When the vehicle speed is greater than 0 and the required power is less than 0, the vehicle is in a braking mode, braking energy is recovered by the double electric drive bridge in the braking mode, and the rest braking required power is given by mechanical braking;

When the required power is greater than 0, the double electric drive bridge provides driving moment, the required energy of the motor is provided by the fuel cell, the generator set and the power battery, the generator set works at different engine working points according to different required power, the power battery works in different working modes according to different fuel cells of the SOC, and the power battery supplements power or recovers redundant power.
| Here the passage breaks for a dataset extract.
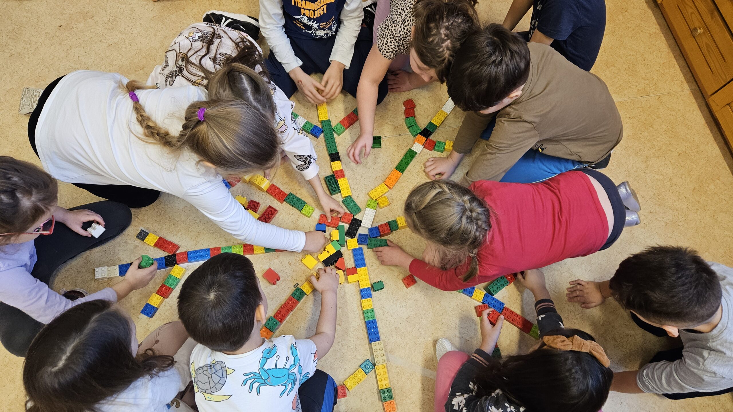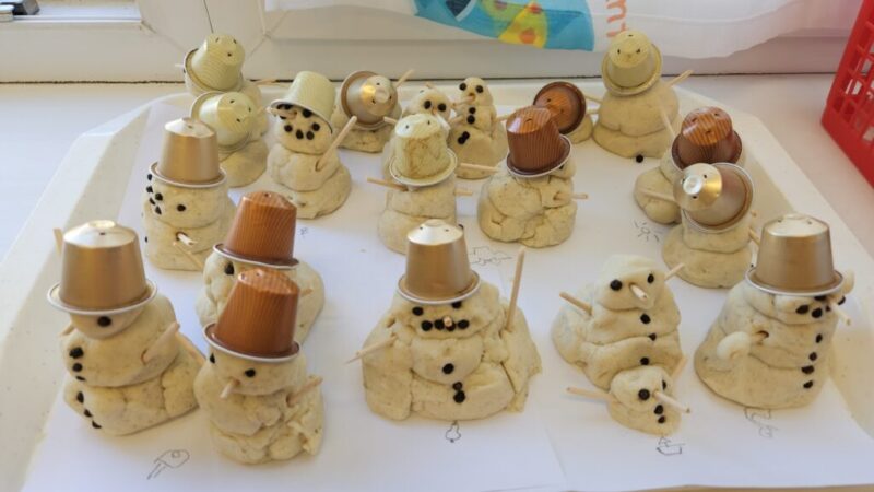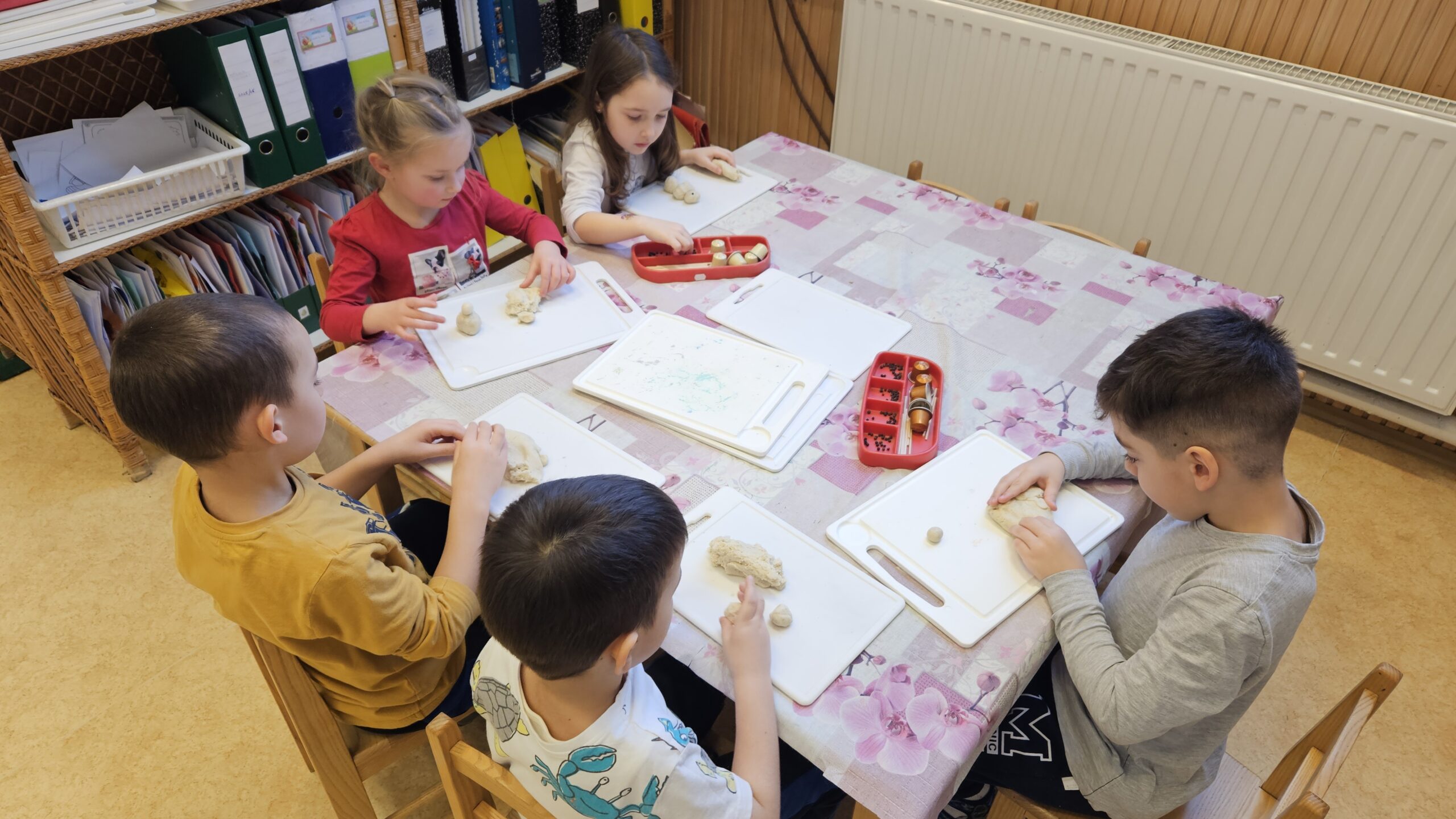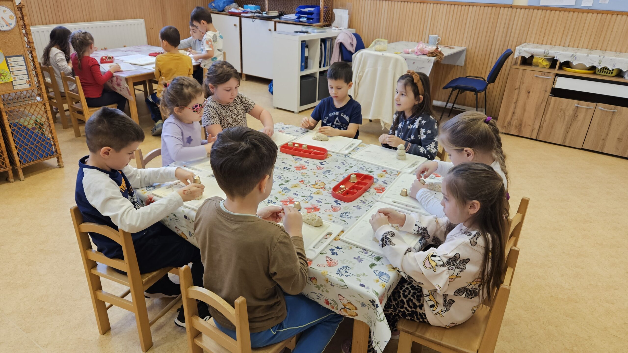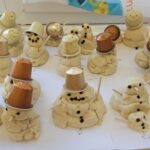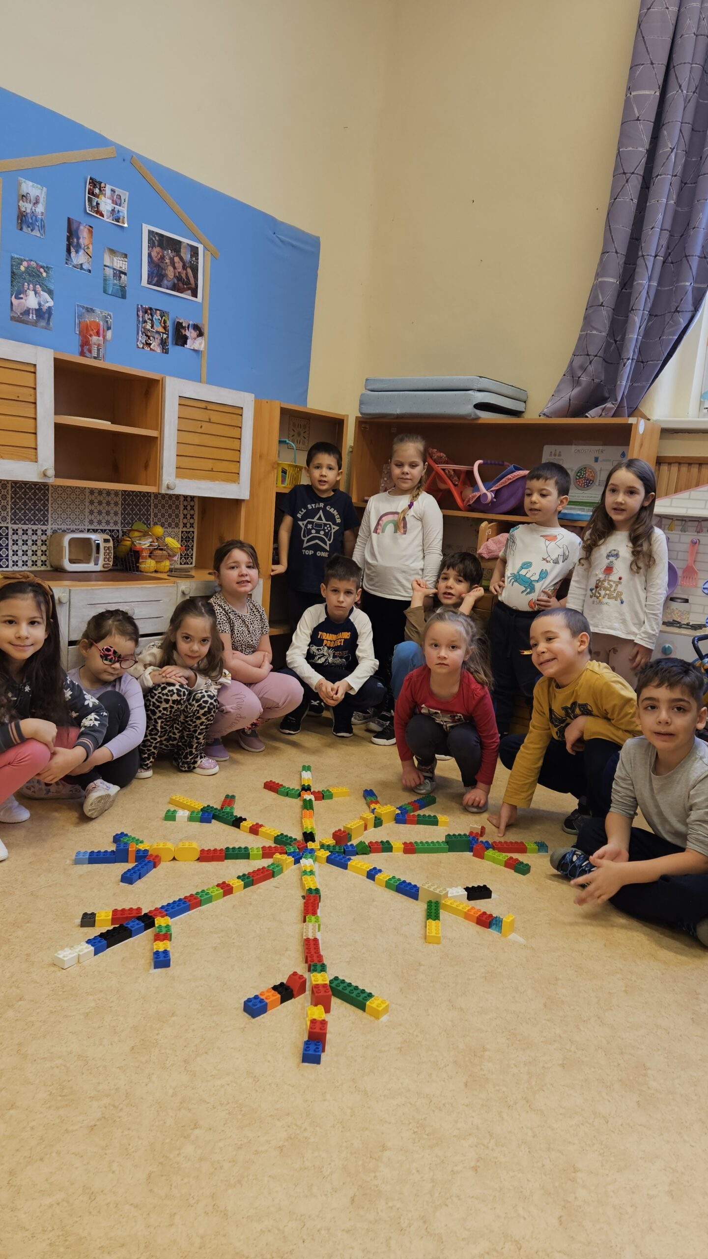 A kezdő relaxáció (Malomkörzés) után megbeszéltük a gyerekekkel, hogy kinek milyen céljai vannak, mit szeretne elérni ebben az évben? Mi a legnagyobb álmuk? Mit szeretnének megtanulni, kipróbálni? Hogy érzik magukat, amikor valami nem sikerül? Mit jelent: „Együtt minden könnyebb?” Ezt egy játék során ki is próbáltuk: a csoportszobában közösen raktunk ki egy hatalmas hópihét duplo legóból. Boldog Dóra ismét hozott nekünk egy mesét (Jónás Orsolya: Mese a hóemberről, aki barátokat keresett), majd meghallgattuk Bagdi Bella : Van nekem egy álmom dalát, lezárásként pedig kitartóan próbálták a gyerekek a papír hóember szájába belefújni a ping-pong labdát, illetve só-liszt gyurmából csodaszép hóembereket készítettek.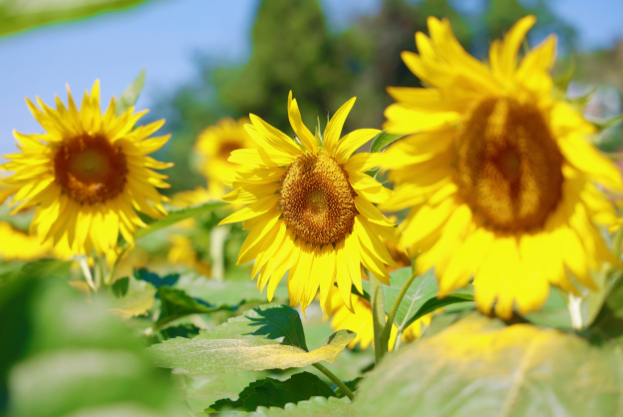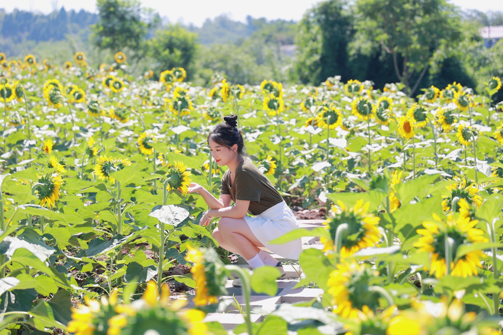 7月5日上午,在内江高新区高桥街道跳墩村向日葵基地,30亩金黄色的向日葵花海吸引游客驻足花田拍照打卡,连绵起伏的花朵在阳光照耀下金光闪闪,美不胜收,走进这片花海,仿佛置身一幅大自然的油画之中。

8. The arrangement method of the vehicular diesel-hydrogen composite power unit according to claim 6, characterized in that: the switching steps of the double-electric drive bridge are as follows:

step S1: judging whether the whole vehicle slides with a gear or not;

If the judgment result is that the whole vehicle slides with gears, double-bridge separation is carried out;

or if the whole vehicle does not slide with the gear as a result of judgment, executing the step S2;

step S2: judging whether the whole vehicle is in a braking mode or not;

if the judging result is that the whole vehicle is in a braking mode, double-bridge braking energy recovery is carried out;

or if the judging result is that the whole vehicle does not carry out the braking mode, executing the step S3;

step S3: judging whether the required power of the whole vehicle is larger than the single-bridge power or not;

if the judging result is that the power required by the whole vehicle is larger than the power of the single bridge, driving the double bridges simultaneously;

Or if the whole vehicle required power is less than or equal to the single-bridge power as a result of the judgment, executing the step S4;

step S4: and performing single-bridge driving.